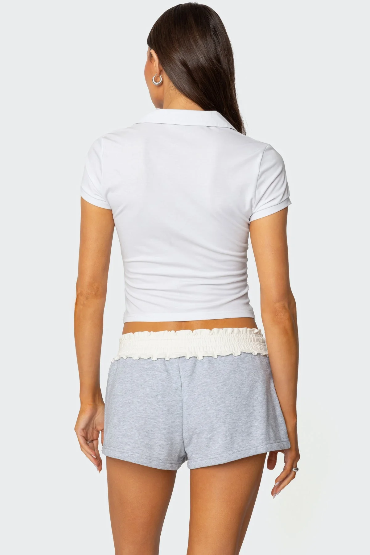 Upgrade your wardrobe with this versatile White Polo Top featuring underbust stitching and ruched detailing. Made from a blend of Rayon, Nylon, and Spandex, this top offers comfort and style. The model is wearing size S and is 59 tall. This item is machine washable (max 30ºC), do not bleach, tumble dry, iron at a max of 110ºC, and avoid dry cleaning.
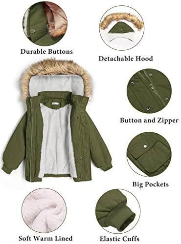 • Warm & Durable Snow Jacket: Girls Parka is Zipper and Button Closure, Removable Faux Fur Trimmed, Removable Hood, Windproof Elastic Cuff and Hem, Stand Collar and Soft Fleece Lined to keep warmth. Practical Two Front Flap Pockets with Button, convenient for your kid to carry somethings.
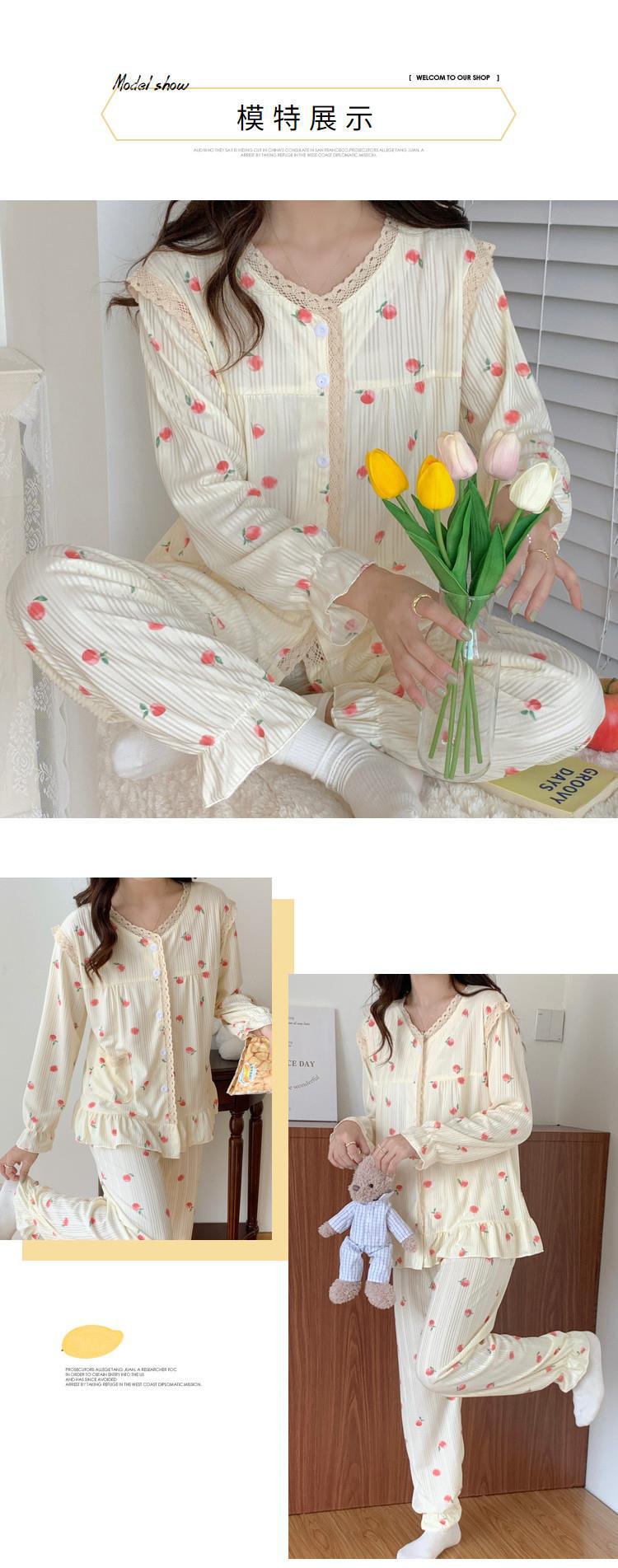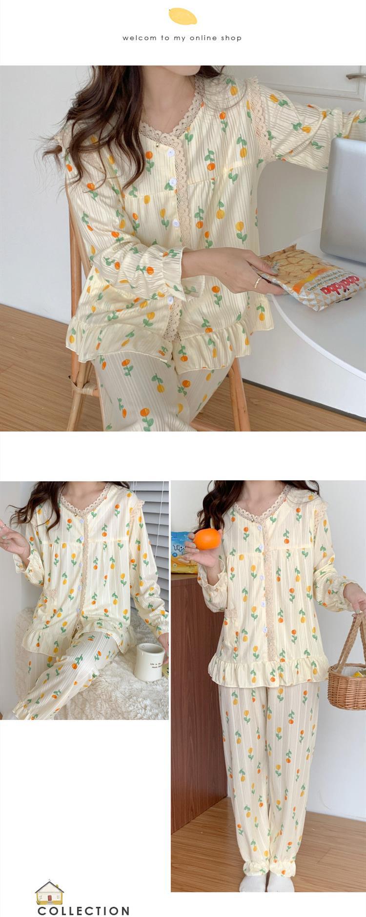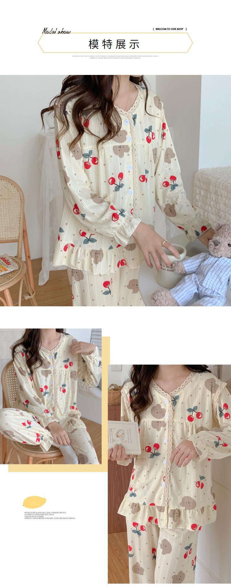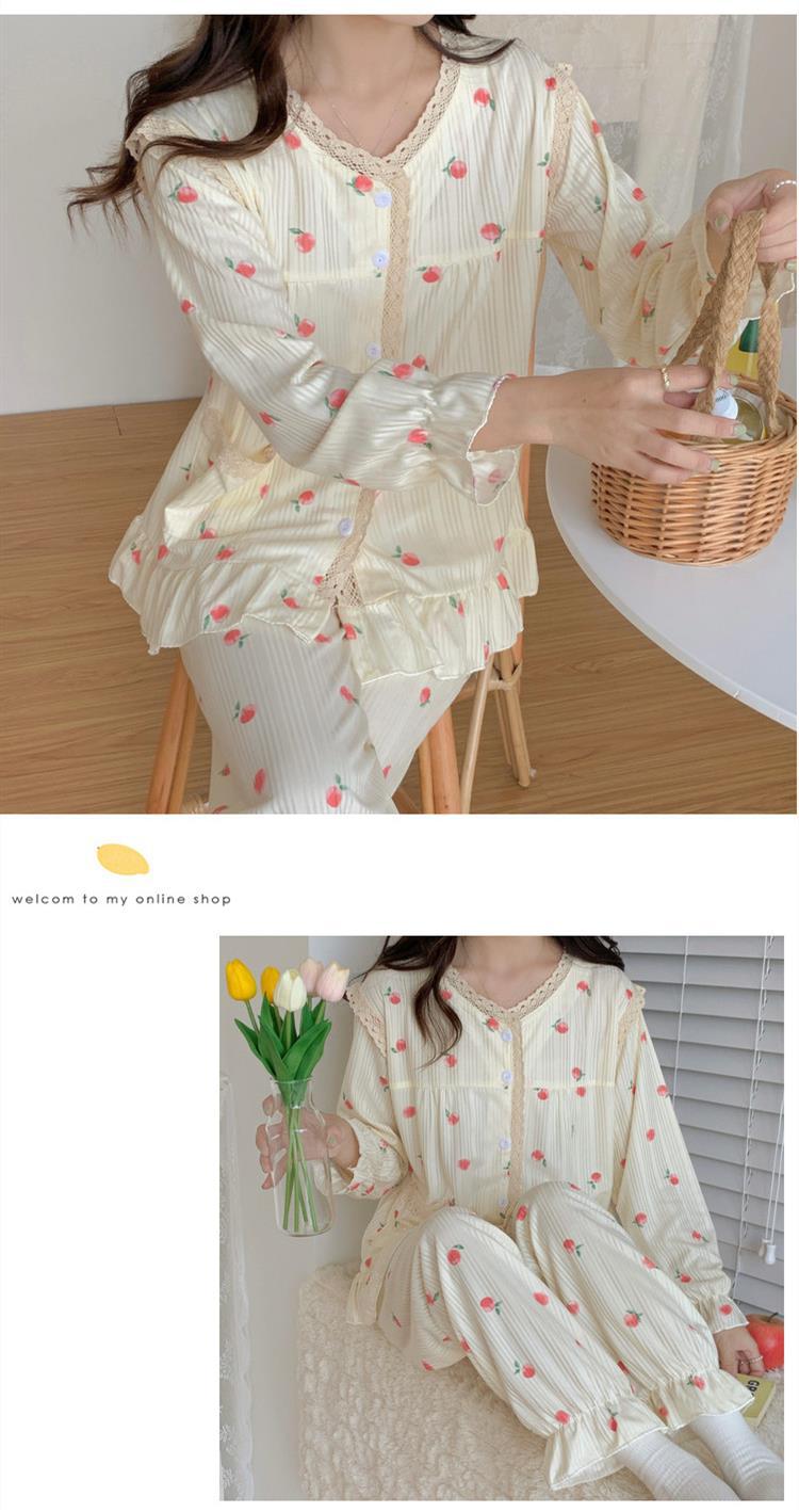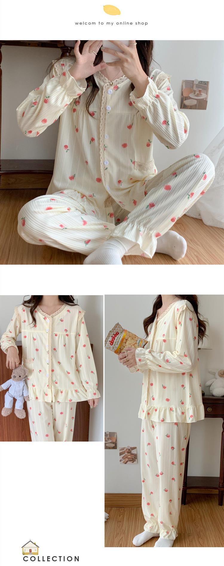 Pijamas de Manga Larga para Otoño e Invierno con Relleno en el Pecho para Mujer, Estilo Coreano 2025, Lindo Traje con Flores Pequeñas, Ropa de Dormir para Estudiantes
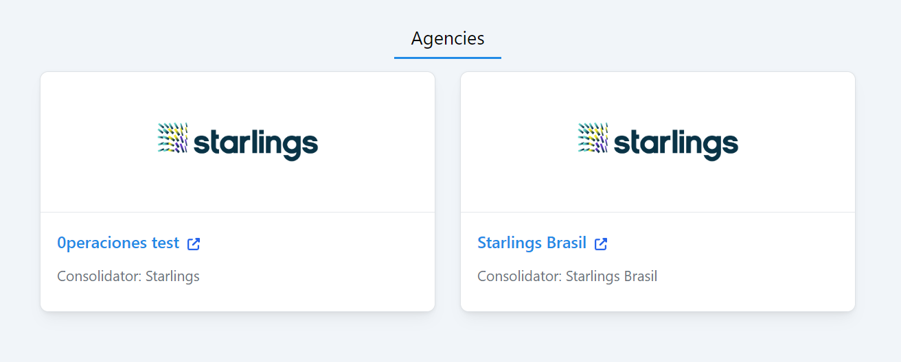 Cuando un usuario tiene asignada más de una agencia/consolidador, al ingresar de la plataforma, podrá seleccionar a cuál quiere ingresar. Se indicará el nombre de la agencia y su consolidador.
----------
» Instructions to follow:
Leave every picture out and print exactly the lines from the one that contains "to carry somethings." through the last line of the material above.

» Solution below:
 • Warm & Durable Snow Jacket: Girls Parka is Zipper and Button Closure, Removable Faux Fur Trimmed, Removable Hood, Windproof Elastic Cuff and Hem, Stand Collar and Soft Fleece Lined to keep warmth. Practical Two Front Flap Pockets with Button, convenient for your kid to carry somethings.
 Pijamas de Manga Larga para Otoño e Invierno con Relleno en el Pecho para Mujer, Estilo Coreano 2025, Lindo Traje con Flores Pequeñas, Ropa de Dormir para Estudiantes
 Cuando un usuario tiene asignada más de una agencia/consolidador, al ingresar de la plataforma, podrá seleccionar a cuál quiere ingresar. Se indicará el nombre de la agencia y su consolidador.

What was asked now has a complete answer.